Recent research on patients with NAR has begun to evaluate the role of mucosal immunoglobulin E (IgE) and inflammatory cell production. A subgroup of patients with NAR has been found to demonstrate an increased local prodcution of IgE upon nasal provocation testing. A separate study indicates that a subgroup of NAR patients, who by definition are not systemtically atopic, may display a local allergic disease pathway. This group could possibly be those classically described as possessing NAR with eosinophilia syndrome, or NARES.
In the case of potential autonomic problems, hyper-responsiveness of the afferent sensory limb leads to an exaggerated efferent response with resultant oversecretion of mucus and increased nasal congestion due to capillary plasma exudation. The same symptoms are seen with normal afferent input and a hyper-reactive efferent arc. Less commonly, an intrinsic epithelial problem or a problem with central nervous system regulation can be the source of disordered responsiveness. Unfortunately, given the complex interaction of sinonasal mucosal regulation, it has been difficult to develop an accurate study model.

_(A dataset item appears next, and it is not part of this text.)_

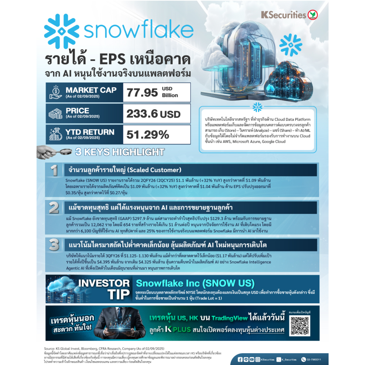 บริษัทให้แนวโน้มรายได้ 3QFY26 ที่ $1.125–1.130 พันล้าน แม้ต่ำกว่าที่ตลาดคาดไว้เล็กน้อย ($1.17 พันล้าน) แต่ได้ปรับเพิ่มเป้ารายได้ทั้งปีขึ้นเป็น $4.395 พันล้าน จากเดิม $4.325 พันล้าน ลุ้นความคืบหน้าในผลิตภัณฑ์ AI อย่าง Snowflake Intelligence Agentic AI ที่เพิ่งเปิดตัวในเดือนมิถุนายนที่ผ่านมา หนุนภาพการเติบโต

The inhalation of irritants is linked to the stimulation of the C-fibers, afferent sensory nerves in nasal mucosa, which innervate the epithelium, vessels, and glands. This results in the activation of the parasympathetic nerves and subsequent sneezing, rhinorrhea, and congestion. This reaction may be induced by histamine and possibly lead to an immunomodulatory response and local cellular events. Glandular hypersecretion can also occur independent of sensory nerve stimulation, as has been shown in methacholine challenge tests. Such findings indicate increased mucosal sensitivity and reactivity in patients with NAR.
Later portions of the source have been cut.